## THE TASK
The response should contain all of the data below, reproduced exactly, and no pictures.

## SUPPLIED MATERIAL
>>>>>

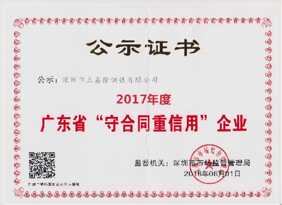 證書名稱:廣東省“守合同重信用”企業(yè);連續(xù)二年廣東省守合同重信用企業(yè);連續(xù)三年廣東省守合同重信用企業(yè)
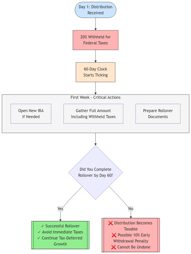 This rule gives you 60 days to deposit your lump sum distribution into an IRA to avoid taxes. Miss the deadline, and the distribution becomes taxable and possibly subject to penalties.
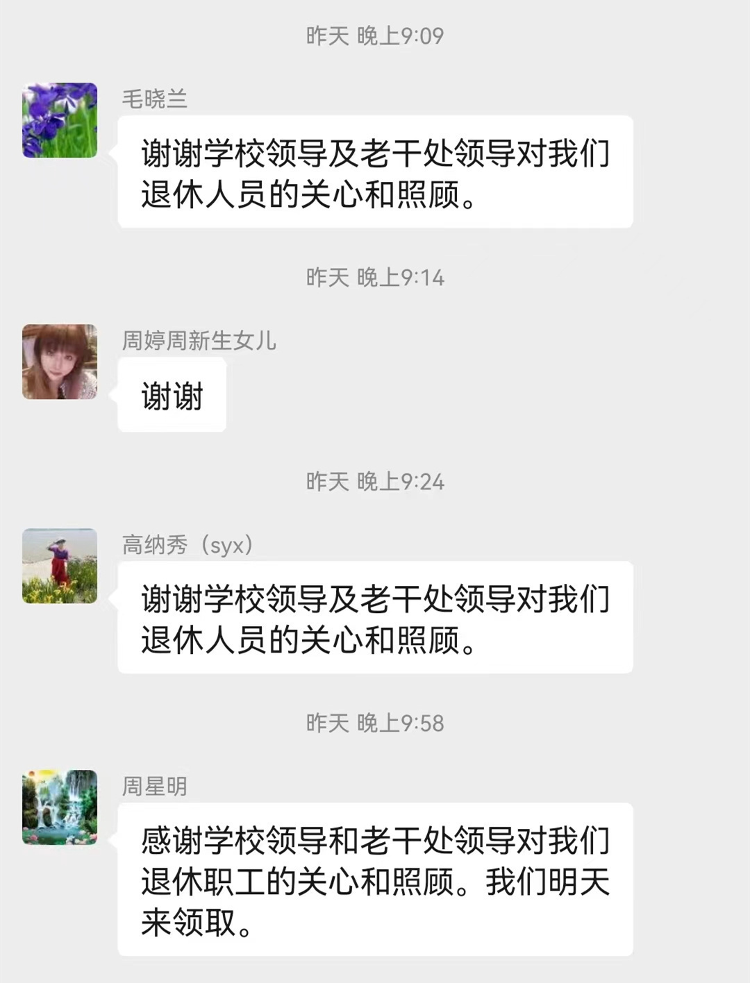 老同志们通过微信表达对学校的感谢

<<<<<

## YOUR RESPONSE
 證書名稱:廣東省“守合同重信用”企業(yè);連續(xù)二年廣東省守合同重信用企業(yè);連續(xù)三年廣東省守合同重信用企業(yè)
 This rule gives you 60 days to deposit your lump sum distribution into an IRA to avoid taxes. Miss the deadline, and the distribution becomes taxable and possibly subject to penalties.
 老同志们通过微信表达对学校的感谢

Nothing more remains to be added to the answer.